* Data for this task *
******

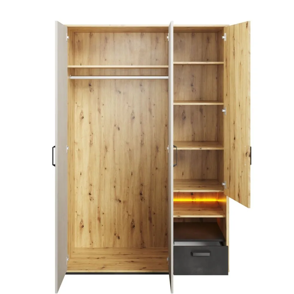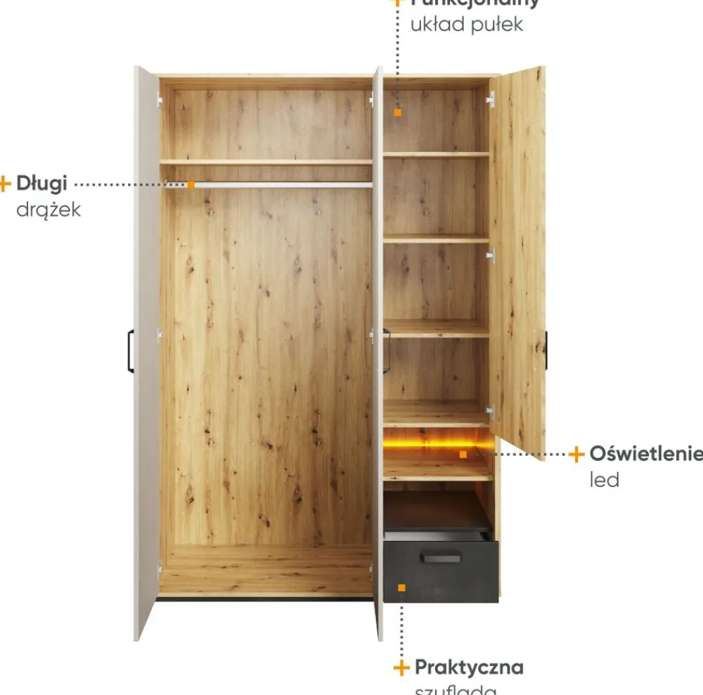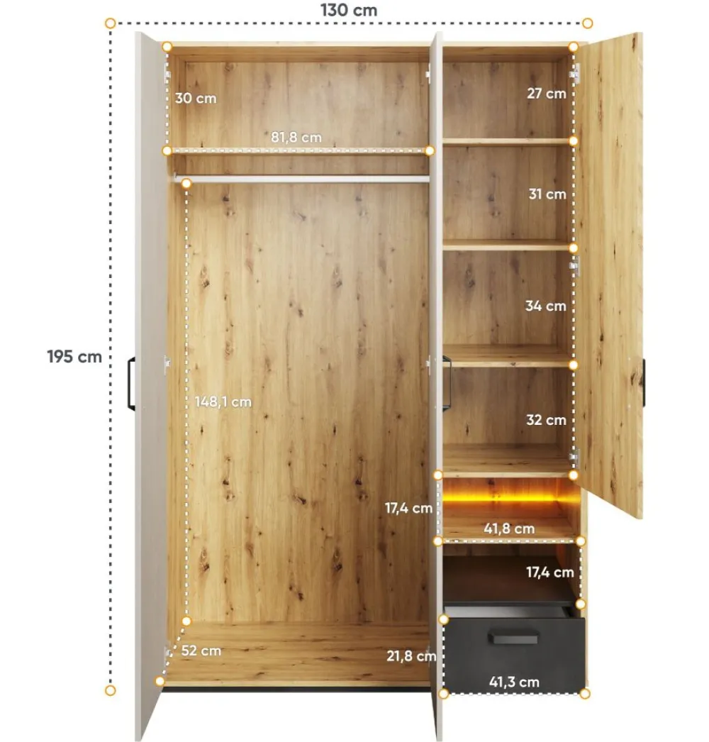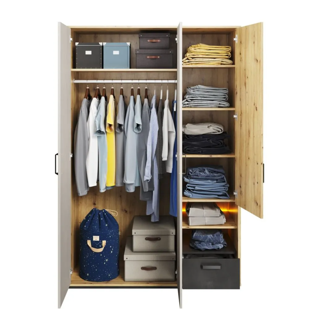 W kolekcji QUBIC znaleźć można kilka wariantów szaf, które dzięki sprytnym rozwiązaniom projektowym doskonale zagospodarują przestrzeń przeznaczoną do przechowania ubrań. Jedną z propozycji jest szeroka szafa na ubrania z subtelnym podświetleniem we wnęce. Po lewej stronie znajduje się drążek na ubrania oraz górna półka. Prawa część za frontem skrywa 4 pojemne półki. Uzupełnieniem jest wspomniana już wnęka i dodatkowa szuflada.
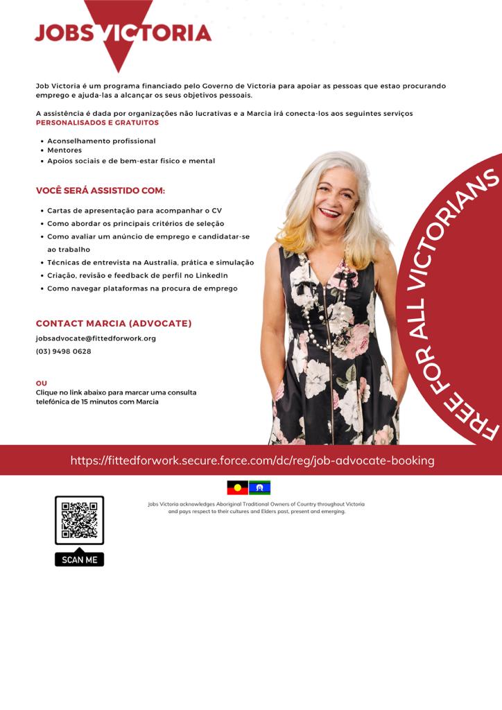 O ‘Jobs Victoria’ ajuda àqueles que estão procurando oportunidades de trabalho, especialmente os que vivem em habitações públicas, a encontrar formação local, experiência de trabalho e empregos. Jobs Victoria trabalha em parceria com a Irmandade de St Laurence e outras agências comunitárias locais para administrar cinco centros de trabalho e aprendizagem em Victoria. Quer saber a melhor parte? Tem uma brasileira trabalhando lá! A Márcia pode te ajudar a se preparar para encontrar a tão sonhada vaga de trabalho no mercado australiano. Para entrar em contato com ela basta enviar um e-mail ou bookar uma conversa no QR code da imagem.
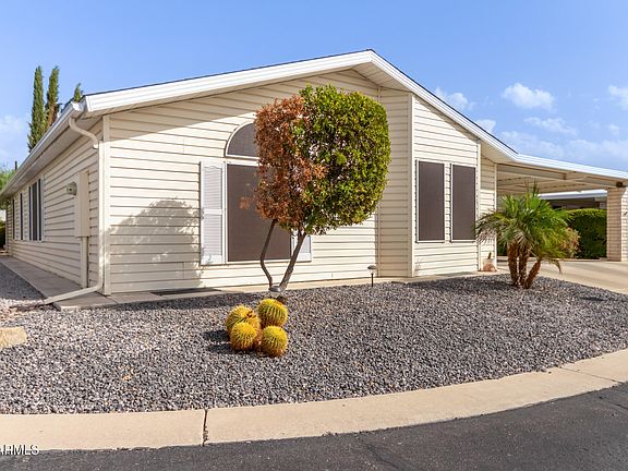 You're going to love this newly upgraded move in ready home with 2 bed 2 bath + den + 415 sf heated and cooled AZ room and golf cart garage. This Cavco built, St Andrews model, conveniently sits on a corner lot in the desirable Las Palmas Grand community. Over $40,000 in recent upgrades includes new roof, flooring/baseboards/door trim throughout, interior and exterior paint, sun screens, primary bath vanity, faucets and fixtures, water heater, kitchen cabinets painted with new hardware added, new appliances and so much more. Las Palmas community is full of activities and amenities including a large swimming pool, hot tub, tennis, pickleball, billiards, fitness center, and arts, crafts and clubs for all!
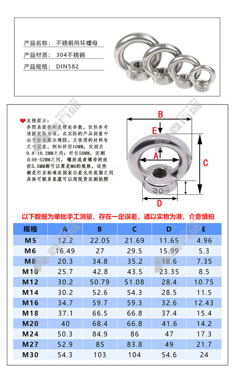 包装清单:吊环螺母*1包
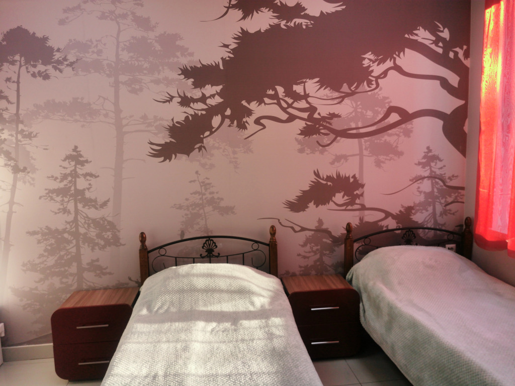Постояльцам предоставляются комнаты оформленные в европейском стиле. Наличие ярких цветовых акцентов создает хорошее настроение и оживляет интерьер. Тут имеется все для комфортного пребывания. После тяжелого дня Вы можете разместиться на удобной, мягкой кровати и расслабиться.
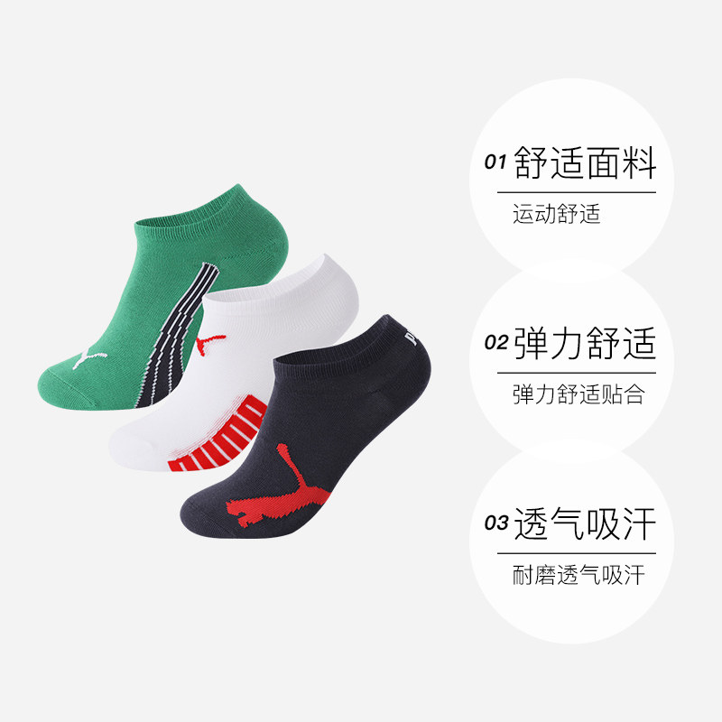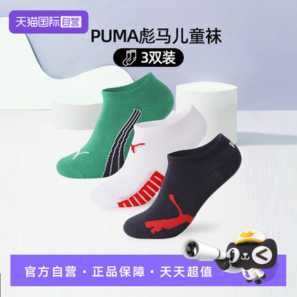 【自营】PUMA彪马儿童袜子男女舒适透气耐磨时尚潮流短袜3双装
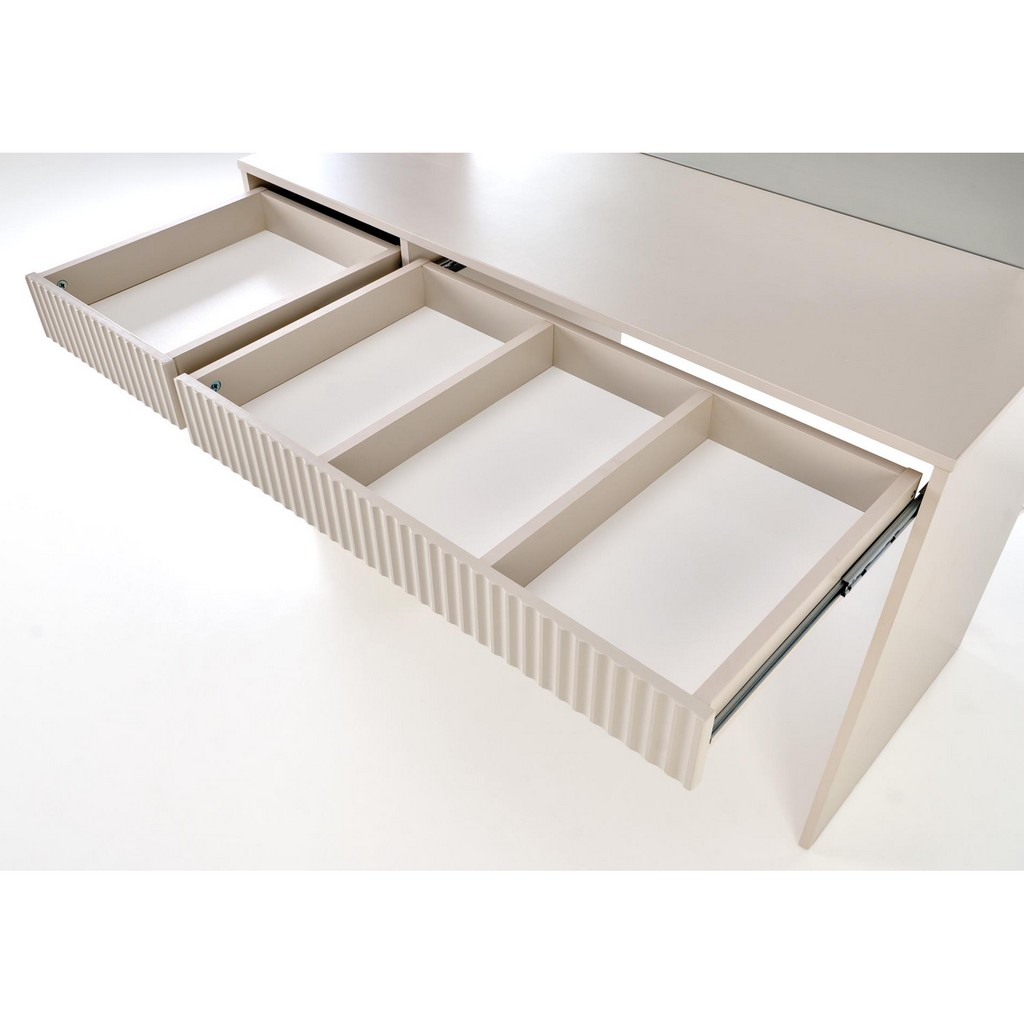 Poskytuje dostatok úložného priestoru vďaka piatim zásuvkám, ktoré vám pomôžu udržať všetky kozmetické pomôcky, šperky a iné drobnosti perfektne usporiadané a vždy po ruke. So svojou šírkou 120 cm, hĺbkou 55 cm a výškou 140 cm ponúka dostatok miesta na pohodlné používanie bez zbytočného preplnenia priestoru.
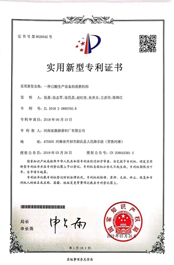 河南省康源香料廠有限公司坐落于尉氏人民路東段(賈魯河灘),是生產經營食用香精香料、食品添加劑、精細化工產品生產銷售的企業,統一社會信用代碼:91410223799151685B,公司成立于1997年,注冊資金850萬元,廠區占地面積14300平方米,廠房建筑面積13600平方米,現有企業員工186人,其中擁有高、中級職稱技術人員48人,主要生產銷售產品有:食品添加劑(己酸乙酯、乳酸乙酯、丙酸乙酯、異丁酸乙酯、丁酸乙酯、 乙酸乙酯、庚酸乙酯乙酸異戊酯、辛酸乙酯、乙酸丙酯、苯乙醇、2,3丁二酮、冰乙酸(低壓羰基化法)、乳酸、己酸、丁酸、丙酸、乙縮醛、甘油、己酸烯丙酯、庚酸烯丙酯),食品用香精(食品用香精-液體),復配食品添加劑(復配酒類增味劑)實際綜合生產能力達到3萬噸/年,固定資產2810萬元,總資產13200萬元。
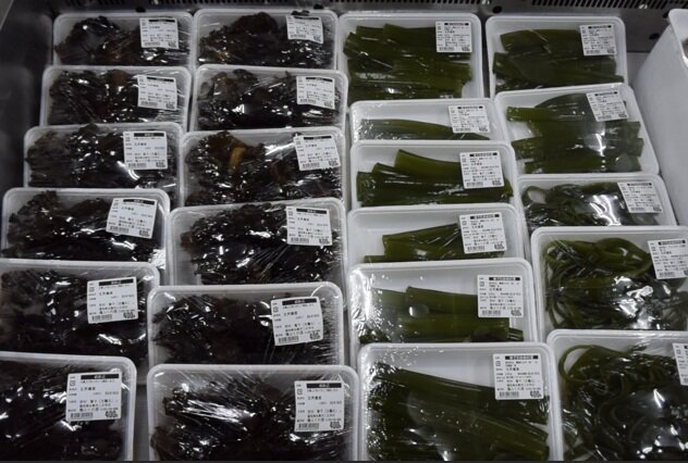 いつのまにか、ワカメの季節。ワカメもたくさん並んでました。湯通し前のワカメ(褐色)、湯通し後のワカメ(緑色)。皆さんがよく食べてる「葉」の部分だけでなく、「茎」や「メカブ」なども。また、「テングダイ」に「オニオコゼ」。調理済みの「アカエイ」、それに「ナマコ」も並んでいましたよ。
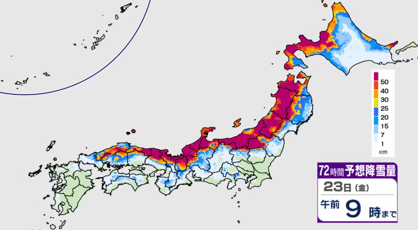 東部の山間部を中心に最大70cm〜80cmに達する見込みです。
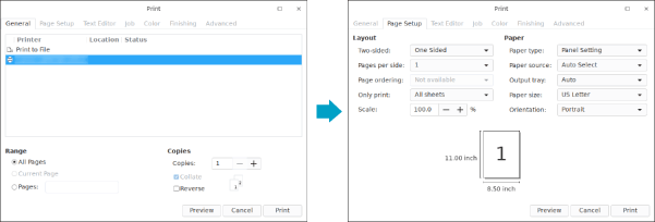 Installing this driver enables you to print with built-in device functions from the GUI (Graphical User Interface) settings screen and command line.
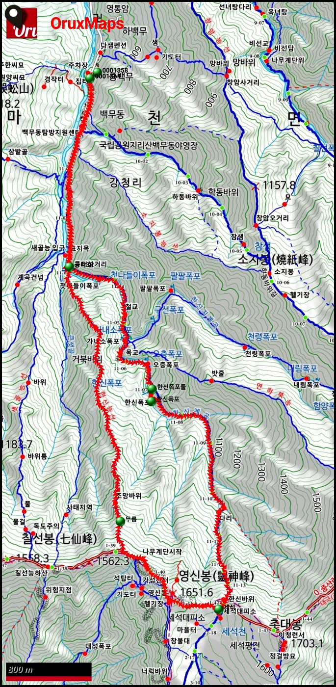 산행시간:07시39분~17시 25분 (9시간 45분) 12.7km

******

* How to complete this task *
Go to the line above holding "O ‘Jobs Victoria’", then copy exactly each line down to and including the one holding "Poskytuje dostatok úložného", leaving pictures out.

* Written reply *
 O ‘Jobs Victoria’ ajuda àqueles que estão procurando oportunidades de trabalho, especialmente os que vivem em habitações públicas, a encontrar formação local, experiência de trabalho e empregos. Jobs Victoria trabalha em parceria com a Irmandade de St Laurence e outras agências comunitárias locais para administrar cinco centros de trabalho e aprendizagem em Victoria. Quer saber a melhor parte? Tem uma brasileira trabalhando lá! A Márcia pode te ajudar a se preparar para encontrar a tão sonhada vaga de trabalho no mercado australiano. Para entrar em contato com ela basta enviar um e-mail ou bookar uma conversa no QR code da imagem.
 You're going to love this newly upgraded move in ready home with 2 bed 2 bath + den + 415 sf heated and cooled AZ room and golf cart garage. This Cavco built, St Andrews model, conveniently sits on a corner lot in the desirable Las Palmas Grand community. Over $40,000 in recent upgrades includes new roof, flooring/baseboards/door trim throughout, interior and exterior paint, sun screens, primary bath vanity, faucets and fixtures, water heater, kitchen cabinets painted with new hardware added, new appliances and so much more. Las Palmas community is full of activities and amenities including a large swimming pool, hot tub, tennis, pickleball, billiards, fitness center, and arts, crafts and clubs for all!
 包装清单:吊环螺母*1包
Постояльцам предоставляются комнаты оформленные в европейском стиле. Наличие ярких цветовых акцентов создает хорошее настроение и оживляет интерьер. Тут имеется все для комфортного пребывания. После тяжелого дня Вы можете разместиться на удобной, мягкой кровати и расслабиться.
 【自营】PUMA彪马儿童袜子男女舒适透气耐磨时尚潮流短袜3双装
 Poskytuje dostatok úložného priestoru vďaka piatim zásuvkám, ktoré vám pomôžu udržať všetky kozmetické pomôcky, šperky a iné drobnosti perfektne usporiadané a vždy po ruke. So svojou šírkou 120 cm, hĺbkou 55 cm a výškou 140 cm ponúka dostatok miesta na pohodlné používanie bez zbytočného preplnenia priestoru.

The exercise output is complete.